Sorry to hear about that experience. One of SES's primary goals was keeping abuse off of the service, though no system is perfect. When I worked on SES, more than 50% of the team's total time went into fighting abuse. Part of that effort was comprehensive monitoring of a variety of feedback signals, including bounces, spam complaints, and other data. Individual senders are encouraged to monitor their own sending via the Reputation Dashboard and related facilities [1].
SES also monitors these signals, and if it detects signs of abuse, such as elevated bounces or spam complaints, then a sender's ability to send may be paused and the account's activity may be reviewed. FAQ on these processes [2]. Some of the tolerates are quite tight, and can result in action being taken even if much less than a percent of messages are getting these sorts of responses. There's a lot more that I can't describe in a short comment.
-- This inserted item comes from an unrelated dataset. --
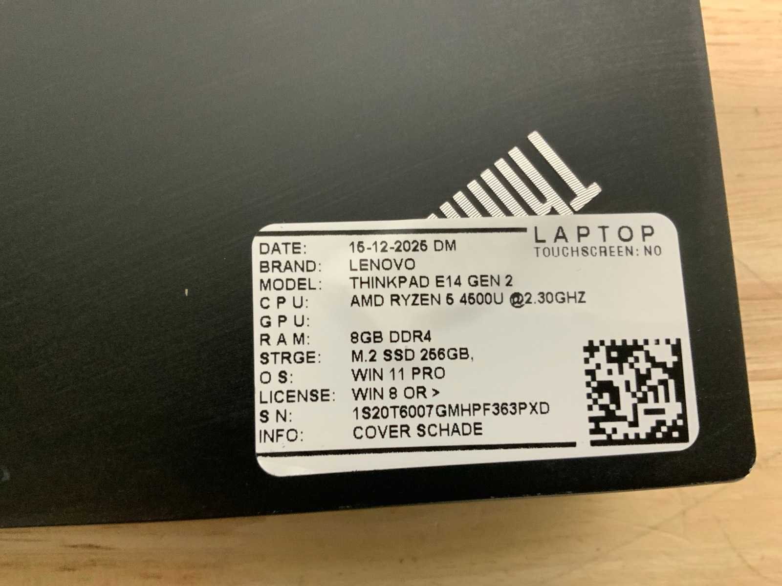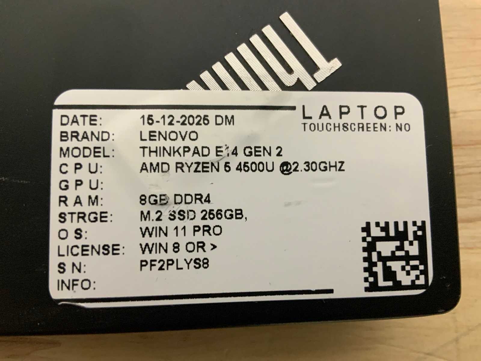 Merk: Lenovo Type: Thinkpad e14 gen2 Processor type: Amd ryzen 5 4500U RAM Geheugen: 2.3GB RAM Geheugen Type: 8 Totale opslagcapaciteit: 256GB Type datadrager: M-sata Aantal datadragers: 1 Besturingssysteem: Windows 11 pro Licentie: Onboard Zonder adapter: true Wifi: true Bluetooth: true USB-Type: Usb-A/usb-C USB poorten: 3 Card reader: true Koptelefoon aansluiting: true Webcam: true Toetsenbord: Qwerty HDMI: 1

SES processes and reacts to spam reports sent in standard formats like the Abuse Reporting Format (ARF), and looks at signals like List-Unsubscribe and bounces, etc. But this does require the system to understand the format of the reports used by the feedback loops [3]. Do you happen to know if your feedback loop sent spam complaints in ARF format? If you'd like to discuss further, feel free to reach out to me directly.
I submitted multiple reports to email-abuse@amazon.com including headers, and received automated responses. For some spammers I reported them 4 times, but the spam kept coming.
I think you've confirmed what I said in my parent comment...SES doesn't take a zero tolerance approach.
I think it is the shared IPs that I've blocked (54.240.27.189/24). You'll see they are on multiple blacklists.
Do you literally block (aka drop) mail from SES IPs? That's awful for your users.
If you really distrust mail from those IPs so much, why not just filter it straight to SPAM? At least you'd be delivering it and your users could whitelist senders (or domains) they trust.
I also work in this space. We have many customers who leave email platforms on Amazon because the IP space is polluted. Many inbox providers are extra cautious with email from those IPs because spamming is easy. Even if your IP is not used for spamming, someone else in the same /24 space could be.
I feel like they could solve that by making people buy-in to shared IP pools where the low volume pricing is a relatively high one time fee.
For example, if you want a quota of 100 messages per day, you have to pay a one time fee of $.10 per message to get into the pool, so $10. If you want a quota of 50k messages per day you have to pay a one time fee of $.005 per message, so $250.
> Do you literally block (aka drop) mail from SES IPs? That's awful for your users.
My good friend has worked on the email system for a mid-range consumer ISP for about the past 10 or so years. He told me 93% of all email they receive is spam. And they have a 60PB NAS for their mail store. So for every 1PB of storage they had to discard ~14PB of junk. And that’s just the stuff they summarily dismiss. Then some of the remaining 7% they accept makes it to your Junk folder.
Responsibility, shemonsibility. I want my e-mails delivered, if SES has a poor IP reputation, it's devalued regardless of whose fault that poor reputation is.
We looked at SES and it was a no go on reputation alone. We went from a few thousand emails on Mailgun to almost 7 million emails across 140 domains and we have never encountered any reputation issues over the years we have used them. It just works and I suspect this change is to help protect their email reputation.